Dh2bn fund also plans to make Dh22m available through bank guarantees this quarter
Mohammed Bin Rashid Innovation Fund to offer loans for the first time
A Dh2 billion government-backed fund to support start-ups in the UAE will begin offering direct, Sharia-compliant loans to recipients from this year, as it looks to bridge a gap in bank financing to entrepreneurs.
The Mohammed Bin Rashid Innovation Fund (MBRIF), an initiative of the UAE’s Ministry of Finance that is operated by Emirates Development Bank, issues bank guarantees to help finance entrepreneurs in the creative sector, but it does not currently offer start-up loans.
“Things were slow last year [when it came to making awards through the fund],” EDB chief executive Haitham Kamhiyah told reporters in Dubai. “Banks find it risky to lend to SMEs on their own, so we want to move things along.
“We are reviewing our business plan and products for 2018 and are introducing a sharia-compliant loan from this year. We are hopeful that 2018 will be a very successful year."
The fund's committee has yet to agree how much of the fund’s total Dh2bn capacity it will contribute to through direct loans. Mr Kamhiyah told The National that EDB will aim to finalise that detail at its next board meeting in March.
The UAE wants the contribution of the SME sector to reach 70 per cent by 2021 to help fuel the country’s non-oil GDP growth through a more diversified economy. But SMEs have been hit hard by the country’s economic slowdown in the past two years, as banks consider it increasingly risky to lend to less established operations.
The UAE Central Bank is devising initiatives to help SMEs gain extra access to financing at more accessible rates, together with revised rules and operating procedures for banks dealing with SMEs.
Under plans discussed at a committee meeting on Monday, EDB will offer loans of up to seven years to MBRIF participants, at interest rates ranging between 7-9 per cent.

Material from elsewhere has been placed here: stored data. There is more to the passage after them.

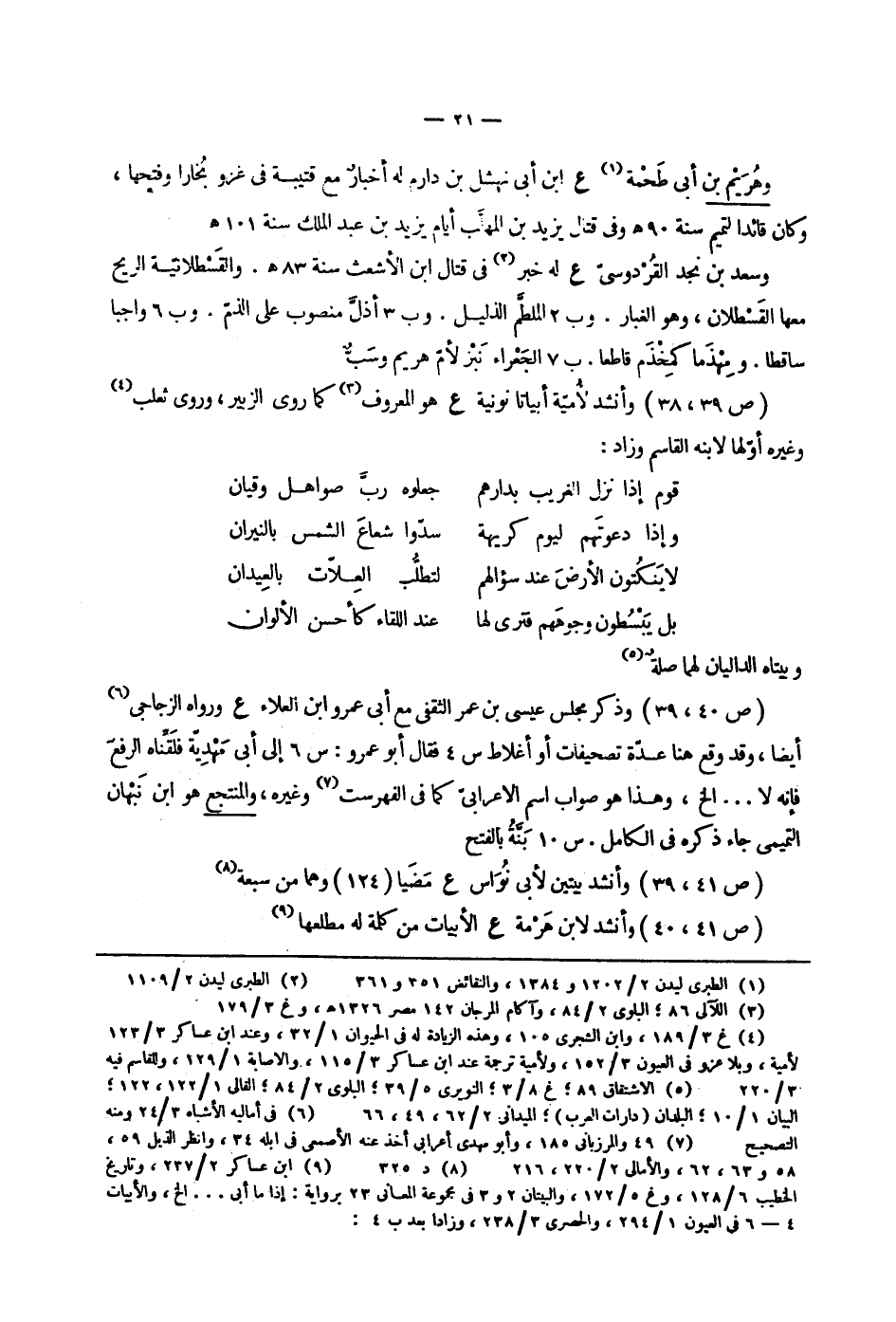 وهريم بن أبي طحمة ع ابن أبي نهشل بن دارم له أخبار مع قتيبة في غزو بخارا وفتحها، وكان قائدا لتميم سنة 90هـ وفي قتال يزيد بن المهلب أيام يزيد بن عبد الملك سنة 101هـ وسعد بن نجد القردوسي ع له خبر في قتال ابن الأشعث سنة 83هـ. والقسطلانية الريح معها القسطلان، وهو الغبار. وب2 الملطم الذليل. وب3 أذل منصوب على الذم. وب6 واجبا ساقطا. ومهذما كمخذم قاطعا. ب7 الجعراء نبز لأم هريم وسب وأنشد لأمية أبياتا نونية ع هو المعروف كما روى الزبير، وروى ثعلب وغيره أولها لابنه القاسم وزاد:
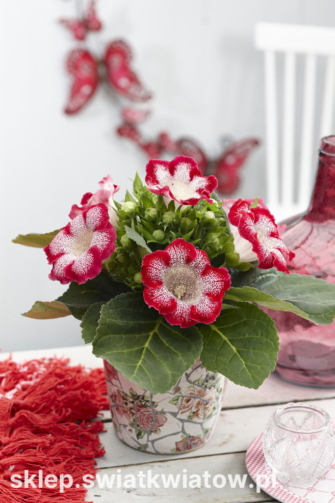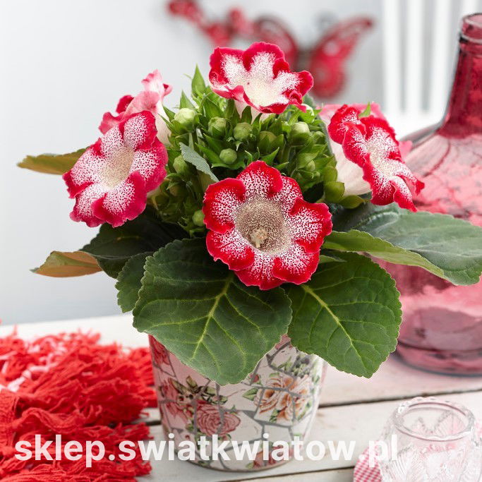 Gloksynia Tigrinia Red to łatwa w uprawie roślina o bardzo efektownych nakrapianych kwiatach. Ta niezbyt okazała odmiana , osiągająca 20-30 cm wysokości. Duże kwiaty rozwijają się nad kępą pokrytych delikatnymi włoskami liści. Są aksamitne i przypominają kielichy, mają biało-czerwoną barwę. Gloksynie sadzi się głównie w doniczkach w pomieszczeniach lub ogrodach zimowych. Odmiana Tigrinia Red ceniona jest za długie i obfite kwitnienie, będzie wspaniałą ozdobą każdego wnętrza, choć można ją posadzić w donicach dekorujących balkon lub taras.
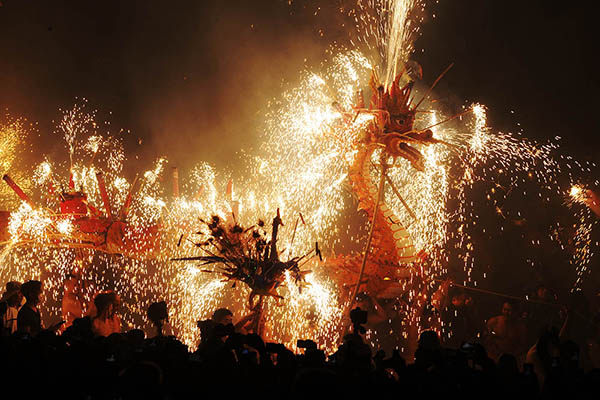 图为:埔寨火龙的表演
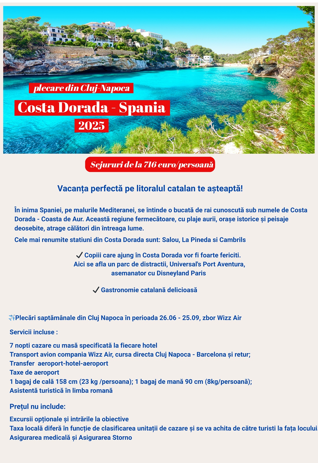 Sejur Spania: Costa Dorada, de la 750 euro/persoană. Zbor cu avionul
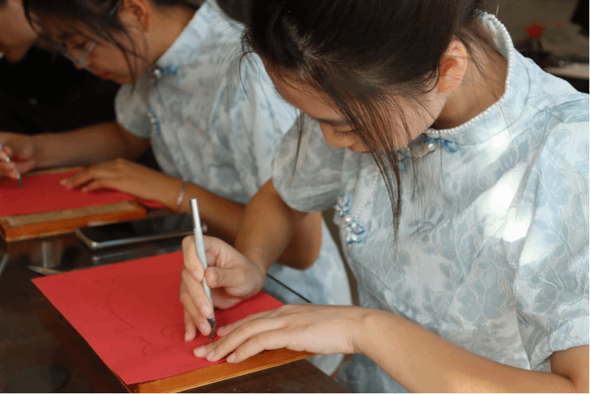 为进一步增强大学生对中华优秀非物质文化遗产所承载的历史与文化价值的认知和认同,开拓眼界,提升审美素养,同时更好地传承和发扬中华优秀“非遗”文化,10月上旬,院团委书记路维、团委老师杨洪泽、王圣洁带领同学们来到了beat365唯一官方网站美育实践基地“沧州市非遗传习所”学习刻纸。非遗传习所所长马振领为大家讲述了刻纸的由来,并且细心教给同学们的入门技巧。
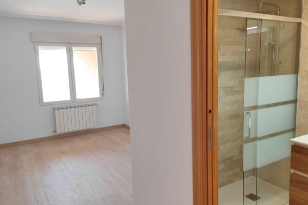 En la reforma de la vivienda hemos derribado y modificado el cuartos de baño y la cocina, modificando tuberías de agua y desagües, hemo realizado un cambio de bañera por plato de ducha. Por otro lado se han cambiado todos los radiadores de la vivienda y se ha instalado una nueva puerta de seguridad a la entrada de la vivienda en madera y la puerta de acceso a la terraza en aluminio blanco. Por ultimo se han sustituido todos los radiadores y se ha pintado la vivienda completa.
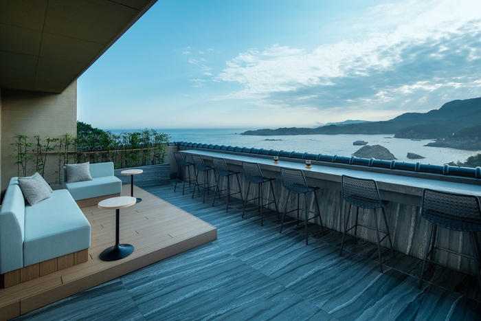 トラベルライブラリーに併設した、海を望む場所にテラスを設けています。ゆっくりと腰かけ、明け方、かわたれ時の朝日に染まる景色を満喫できます。
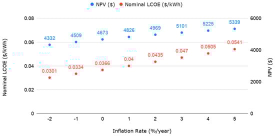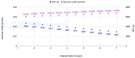 - The interest rate and inflation rate were analyzed. It was found that Saudi Arabia’s inflation rate fluctuated from 3.5% to −1.8% between 2016 and 2019, and LCOE was also subjected to inflation rate variation. The LCOE exceeds the electricity utility rate up to 0.0505 $/kWh at a 4% inflation rate. The Saudi Arabian interest rate for 12-month maturity was in the range of 7% to 3% between 1997 and 2019, and the analysis proves that the investment is economically feasible for this range of interest rates.

This is almost half the typical 12-14 per cent market rates offered by commercial banks to SMEs at present, according to Mr Kamhiyah.
MBRIF launched in 2016 but began operations at the beginning of last year. It has supported three start-up projects to date, totalling around Dh15 million, through bank guarantees with the UAE’s Rakbank.
Its first disbursement in October was to InternsME.com, an online portal connecting students and recent graduates to employers across the Middle East.
MBRIF is open to companies that are already operational and beyond the “ideation”, or concept stage, both globally and in the UAE – provided they have a base in the country.
They also must operate within industry sectors prioritised in the UAE’s National Innovation Strategy, including renewable and clean energy, transportation, education, technology, healthcare, space and water. The fund will also consider other companies that contribute to the UAE’s social and economic progress.
The fund’s committee has identified around Dh22m of projects that it hopes to finance in the next 2-3 months through the existing bank guarantee scheme, Mr Kamhiyah told reporters.
It is also in talks with “up to 10” financial institutions other than Rakbank with a view to growing its roster of participating banks and furthering support for start-ups.